Our God is the God of all creation, an infinite, eternal, and omni-loving Being who will do all that he can to lead and direct, to bring greater light into the lives of his children, to save as many as will be saved. He is the only true God and thus the only living Deity who can hear and respond to the earnest petitions of his children. He is the God of the Roman Catholics, the Eastern Orthodox, the Protestants, and all those who seek to know and love and offer praise and adoration to the true and living God. I have been a Latter-day Saint all my life, but I do not in any way believe the Almighty loves Latter-day Saints any more than he loves Anglicans, Jehovah’s Witnesses, Adventists, Unitarians, Jews, Muslims, or atheists. He loves us all and is pleased with any and every halting effort on our part to learn of him, serve him, and be true to his light within us.

Well then, are the Latter-day Saints universalists? No, not if that means that all men and women will eventually be saved in the highest heaven. No, in that we believe, with our Christian brothers and sisters, that salvation is in Christ and in Him alone. That is, no man or woman will inherit the highest glory hereafter who does not accept Jesus as the Christ, the Savior and Redeemer, including his gospel, with its requisite covenants and ordinances. We do, however, believe that all except the sons of perdition will receive salvation in a kingdom of glory hereafter. In describing the revolutionary nature of the vision of the degrees of glory (Doctrine and Covenants 76), Richard Bushman pointed out that “the most radical departure of ‘the Vision’ was not the tripartite heaven but the contraction of hell. . . . The doctrine recast life after death.” In this vision, “A permanent hell threatened very few [the sons of perdition]. The question was not escape from hell but closeness to God. God scaled the rewards to each person’s capacity.”[9]

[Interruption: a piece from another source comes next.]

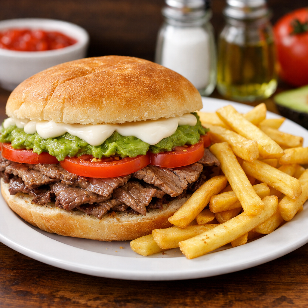 200gr de trozos de filete de vacuno falmbeado y salteado con cebolla morada, tomates frescos, especias peruanas y mayo casera, incluye porción de papas fritas naturales.

What troubles Nicene or traditional Christians most about The Church of Jesus Christ of Latter-day Saints is not our focus on family, our health code, or our style and standard of living. Rather, it is what a Christian friend of mine calls “the extra stuff,” what I call our “value added”—our distinctive offering to the religious world. In the words of Brigham Young, “We, the Latter-day Saints, take the liberty of believing more than our Christian brethren: we not only believe . . . the Bible, but . . . the whole of the plan of salvation that Jesus has given to us. Do we differ from others who believe in the Lord Jesus Christ? No, only in believing more.”[10]

The “more” of the restored gospel would include doctrine and practices that may be unknown to or little understood by persons of other faiths, such as a belief in a Father in Heaven who has a body of flesh and bones, premortal existence, foreordination, a veil of forgetfulness, the Savior’s redemptive suffering in Gethsemane, family history and temple worship, eternal marriage and families, the nature of life and activity in the postmortal spirit world, baptism for the dead, preliminary appearances of the Savior before his Second Coming in glory, kingdoms of glory in the world to come, and many more. These are the “more” of The Church of Jesus Christ of Latter-day Saints, the “value added” by the restored gospel of Jesus Christ.

Boldness, Gentleness, and Respect

Is it the case that “the lights went completely out” in AD 100 and did not come on again until 1820, some seventeen centuries later? President John Taylor explained that there were persons during medieval times who “could commune with God, and who, by the power of faith, could draw aside the curtain of eternity and gaze upon the invisible world. . . . There were [persons] who could gaze upon the face of God, have the ministering of angels, and unfold the future destinies of the world. If those were dark ages I pray God to give me a little darkness, and deliver me from the light and intelligence that prevail in our day.”[11]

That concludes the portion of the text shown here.